Summerville v. Lipsig

704 N.Y.S.2d 598 | N.Y. App. Div. | 2000

—Order, Supreme Court, New York County (Carol Huff, J.), entered March 15, 1999, which granted defendants’ motion to dismiss this action for legal malpractice on the ground that it does not state a cause of action, unanimously affirmed, without costs.

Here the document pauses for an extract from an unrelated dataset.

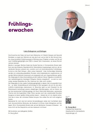 Das Erwachen der Natur soll auch beim Menschen im Frühjahr Energie und Dynamik freisetzen, so sagt man. Nehmen wir das doch auf, und so darf ich den Versuch starten, diese (positive) Frühjahrsenergie in Richtung neuer Projekte zu lenken und Sie auf zwei Fortbildungshighlights der DGZI in diesem Jahr hinzuweisen, an denen Sie teilnehmen könnten...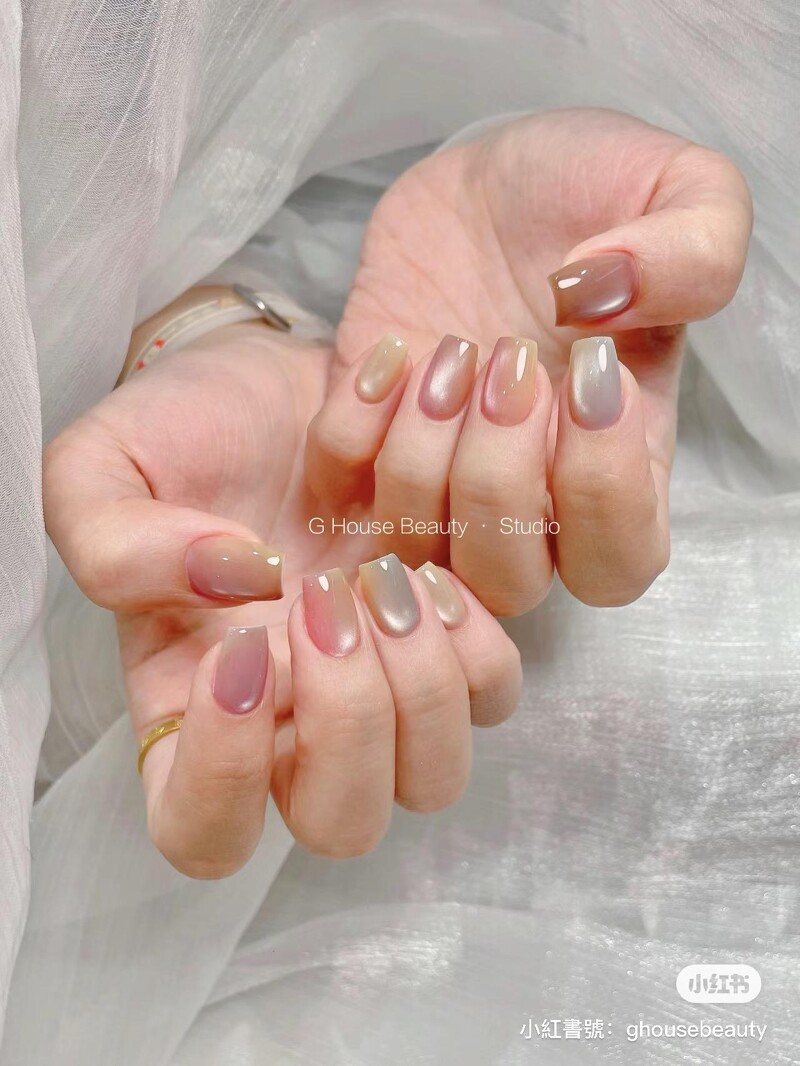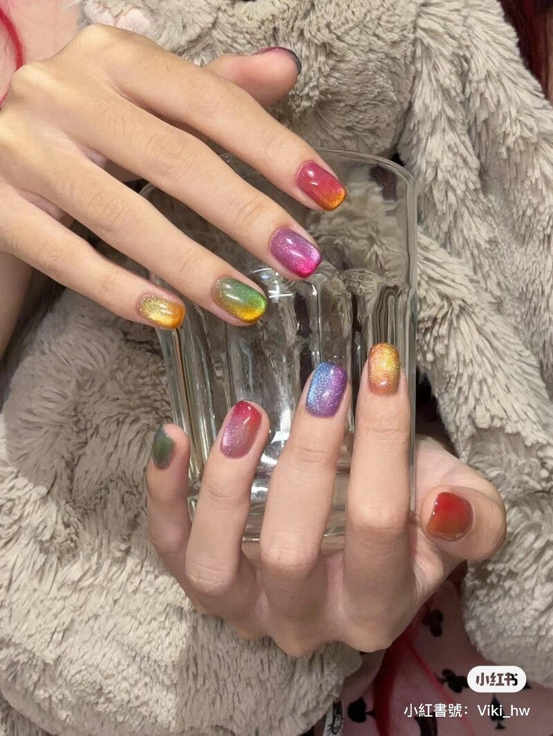 该如何展现这样的通透感?有的美甲师会融合猫眼、有的美甲师则是搭配镜面,又或是利用凝胶打造立体的质感,让最上层的立体透明凝胶透出底下的色泽。

Plaintiff, an innocent bystander to a bank robbery, was shot by an off-duty police officer, in violation of established police guidelines governing the use of deadly force (Summerville v City of New York, 257 AD2d 566, lv denied 94 NY2d 755). He retained defendant law firm, which filed a suit on his behalf against the City but not against the officer. After the law firm was relieved as counsel, new counsel tried the case. The jury awarded plaintiff $29,257,316.16 in compensatory damages, which was reduced by the trial court, with plaintiff’s consent, to $5,057,316.16, and, after this action was instituted, reduced again by the Appellate Division, Second Department, to $3,057,316.16 (supra). Plaintiff now alleges that the law firm’s failure to join the officer deprived him of the opportunity to seek, among other things, punitive damages in the underlying action, which are not recoverable from a municipal defendant (see, Sharapata v Town of lslip, 56 NY2d 332), and argues that the law firm is therefore liable to him in malpractice for the loss of this claim. We do not agree. It would be “illogical” to hold the law firm liable for causing the loss of a claim for punitive damages which are meant to punish the wrongdoer and deter future similar conduct (Cappetta v Lippman, 913 F Supp 302, 306). Recognition of plaintiff’s claim would not further the purpose of punitive damages to punish and deter (cf., Home Ins. Co. v American Home Prods. Corp., 75 NY2d 196). We have considered plaintiff’s other arguments and find them unavailing. Concur — Rosenberger, J. P., Williams, Andrias, Buckley and Friedman, JJ.